Deploying a Machine Learning Model in a Detection Bot

This guide will share tips and tricks on deploying a scikit-learn machine learning model in a Python detection bot. To help illustrate the outlined steps, the guide will make references to the Anomalous Token Transfer ML Detection Bot’s code (ATT). Throughout the guide, we’ll use the abbreviation ATT to refer to this bot.

The ATT bot utilizes the Isolation Forest, an unsupervised outlier detection algorithm to detect anomalous transactions with erc20 token transfers. For more details on its training process, please check out the bot’s readme.

Loading the ML Model

The following three steps are required to load and interact with a trained machine learning model in the detection bot container:

Save the trained model with serialization.
Add model to Dockerfile.
Load the model in the initialize function.

Step 1: Save trained model with serialization

To use a model in a different environment without retraining, we’ll need a way to serialize the model.
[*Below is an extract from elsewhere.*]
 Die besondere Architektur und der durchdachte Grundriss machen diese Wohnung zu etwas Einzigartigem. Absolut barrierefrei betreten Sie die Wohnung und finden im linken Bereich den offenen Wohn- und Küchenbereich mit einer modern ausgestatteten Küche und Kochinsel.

Dill, an extended version of Pickle, a built-in python object serialization module, was used to serialize the ATT’s model after training in a python notebook.

import dill

with open('isolation_forest.pkl','wb') as f:
    dill.dump(model, f)

For more details on persisting scikit-learn models, please check out the model persistence documentation.

Step 2: Add model to Dockerfile

Next, the serialized model will need to be added to the Dockerfile for the model to be accessible in the container.

WORKDIR /app
COPY ./isolation_forest.pkl ./

Tip: Update base image for faster Docker builds

Most Python detection bots use the alpine base image for installing Python dependencies. However, if the bot utilizes Python data science packages such as numpy, pandas, and scikit-learn, the build can take 2+ hours. To reduce the build time, it’s recommended to update the Dockerfile to use a debian base image. This will bring the build time down to <10 minutes. To learn more about this, please check out this github issue.
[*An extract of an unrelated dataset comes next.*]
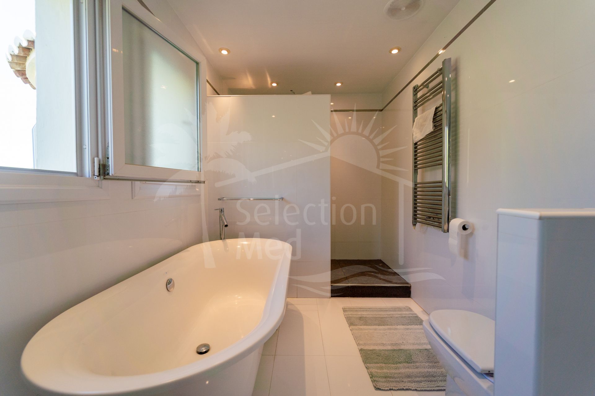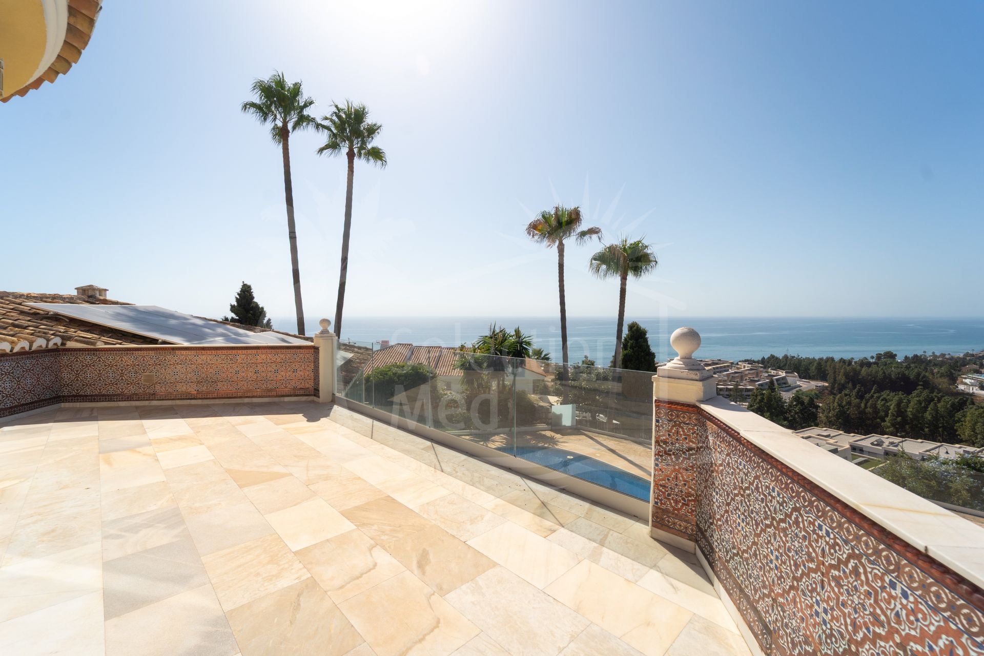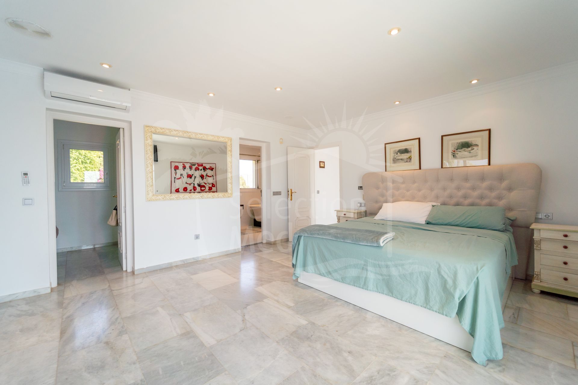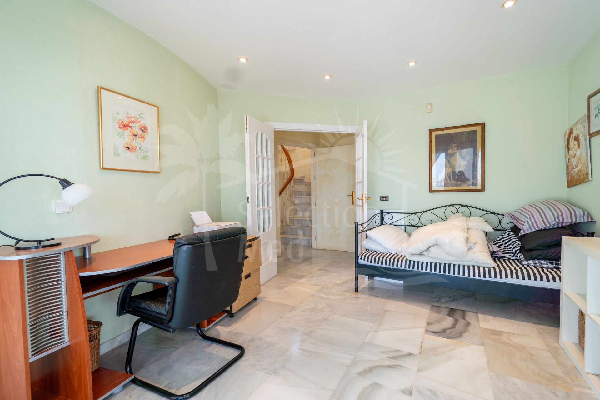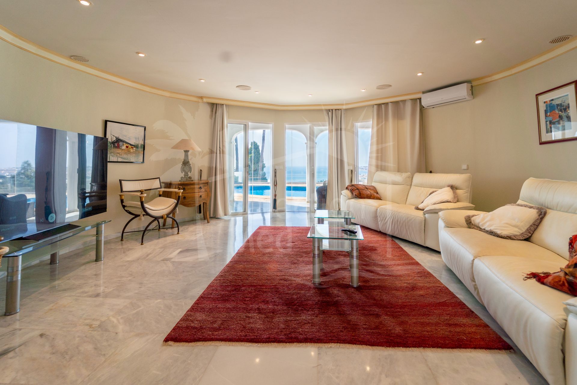 Villa à vendre à El Chaparral, Mijas Costa avec 5 chambres, 4 salles de bains, construit à 1995 et a piscine (privé), garage (privé) et jardin (privé). Dimensions: 534m² construit, 1700m² parcelle et 147m² terrasse.

Step 3: Load model in the `initialize` handler

The initialize handler can be used to set any global variables and will be only invoked once in the beginning after a bot is assigned to a scan node. To avoid loading a model every time for prediction, we can define a global variable MODEL and load it once during initialization.

ML_MODEL = None

def initialize():
   global ML_MODEL
   logger.info('Start loading model')
   with open('isolation_forest.pkl', 'rb') as f:
       ML_MODEL = pickle.load(f)
   logger.info('Complete loading model')

When loading a model, it is important for the scikit-learn version in the bot environment to be the exact version as the version used during saving. If not, the model can output unexpected results.

Preparing Model Input Data

When preparing input data for a model, you can follow the tips below that can help with code readability, feature generation speed, and debugging:

Tip 1: Break down logic into separate files

Create a separate file for input data processing related functions and keep each function logic readable and simple. The ATT bot has a file called data_processing.py, where feature generation functions are located. This will avoid clutter in the main agent.py file and maintain separation of concern.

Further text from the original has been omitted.